Food – Survival biscuits – Not the best tasting unless you are starving, then they are great. Eat only with water.
Look for high energy long storage foods. Select foods that are not heavy on water use in their metabolism. There are many good reference books on survival foods.
Vitamins – Will help keep you at your best. Use only if you have some food and water.
Wool or poly caps and gloves – You lose 50% of your heat through your head and neck. Cold feet, don a cap.
Wool or poly underwear – Good quality ones are washable, and wick moisture away from your skin, making you feel more comfortable. They also provide sun protection without retaining heat. When covered they do help with heat retention.

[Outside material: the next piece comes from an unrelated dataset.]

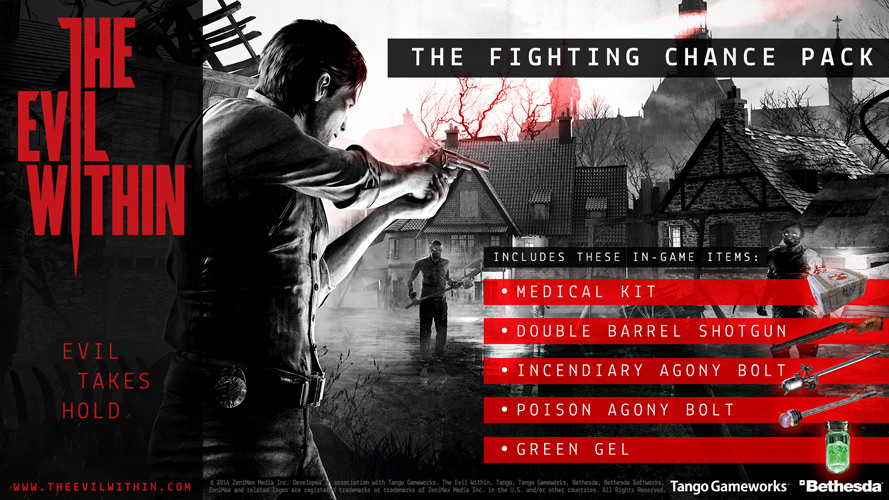 The Evil Within izlazi za PS3, PS4, Xbox 360, Xbox One i PC, a za sve one koji naprave njegovu prednarudžbu, rezerviran je i Fighting Chance pack, zgodan dodatak koji će igrače na startu igre dodatno opremiti za ono što slijedi. Za one kojima ni to ne bude dovoljno, tu je i Season Pass, koji će sadržavati tri najavljena DLC-a.
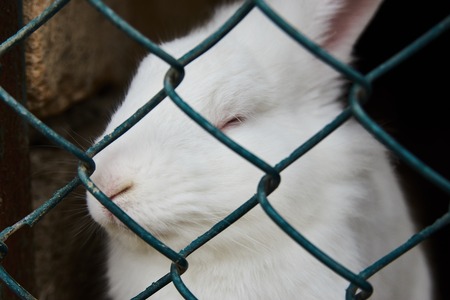Decorative rabbit close-up in cage at animal farm. The muzzle is sticking out of the cage

Bandanna – Cotton & colorful, Cool your head, attract attention, use as a quick bandaid, use as a wash cloth, use as a towel or to wrap things that can be broken.
Small Towel – Can be used as a bandanna
GI style can openers (2) – Just in case you had a chance to empty the pantry, can be used to gut a fish also.
Sponge, large in ziplock bag – To back up the raft sponge. Use for bailing, bathing. Place a soap bar in the bag and you can lather up yourself or your utensils.
First Aid Kit – Know what is in it and how to use it. Read the first aid book before you cruise.
Eyeglasses/Sunglasses – Spare eyeglasses and polarized sunglasses to see and reduce glare.
Toothbrush – If you add toothpaste, it can change the way you feel.
Dental floss – Handy, not only for cleaning teeth, but repairing a variety of things.
Anti Seasickness pills – Rafts are only better than being neck deep in water. These will help you prevent dehydration caused by vomiting.
Toilet paper in ziplock bag – There are no Sears catalogs at sea.
Portable or disposable urinals-unisex – It can be very useful in bad weather.
Bug repellent – In some oceans, this can be useful, shoreside it can be critical.
Prescription medicines – Any specific medication should be packed into the bag,
Aspirin – Ibuprofen – Sometimes a wonder drug.
Tampons and or feminine products – To make your life easier.
30+ waterproof sunscreen – To protect you skin.